Inline Nodes generate different ids

xixixao · May 7, 2021, 2:20pm

With grammar like:


BinaryExpression {
  expression !exp ArithOp { "^" } expression |
  expression !mult ArithOp { "*" | "/" | "%" } expression |
  expression !add ArithOp { "+" | "-" } expression |
}

The nodes returned for the operator will actually have different IDs (2, 3, 4), but parser.terms will only return the last ID (4). This makes matching on type.id behave differently from matching on type.name.

Is this expected?

marijn · May 7, 2021, 5:58pm

Yes, multiple terms can share a name. The parser needs to distinguish between them during parsing. If you need different names, assign different node names to the rules.

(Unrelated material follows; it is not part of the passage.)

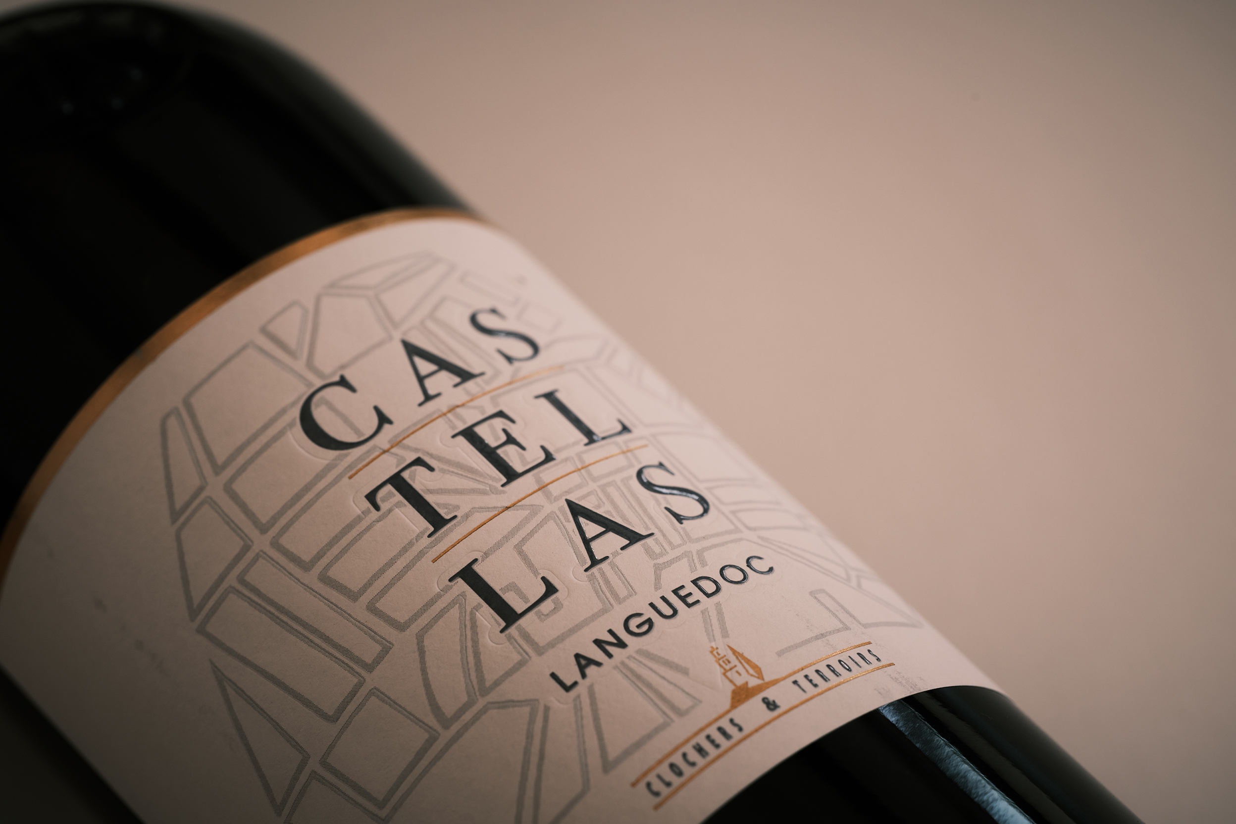 CAVE CLOCHERS & TERROIRS . Création d’un habillage haut de gamme Languedoc classé HVE, Haute Valeur Environnementale.

I can see how the value in parser.terms is confusing. I would have actually expected the tool to not generate a term binding at all for a parameterized rule. I’ll take a look at what’s happening later.

marijn · May 8, 2021, 8:12am

Yes, this was a bug in lezer-generator — it should only emit term bindings for top-level unique (non-inline, non-parameterized) rules, but it was accidentally doing it anyway for inline rules. This patch should fix that.

xixixao · May 9, 2021, 3:12am

It might be a good idea to document this, for folks (like me) who otherwise use the terms for matching or other purposes. I’d advise them to match by name in this case.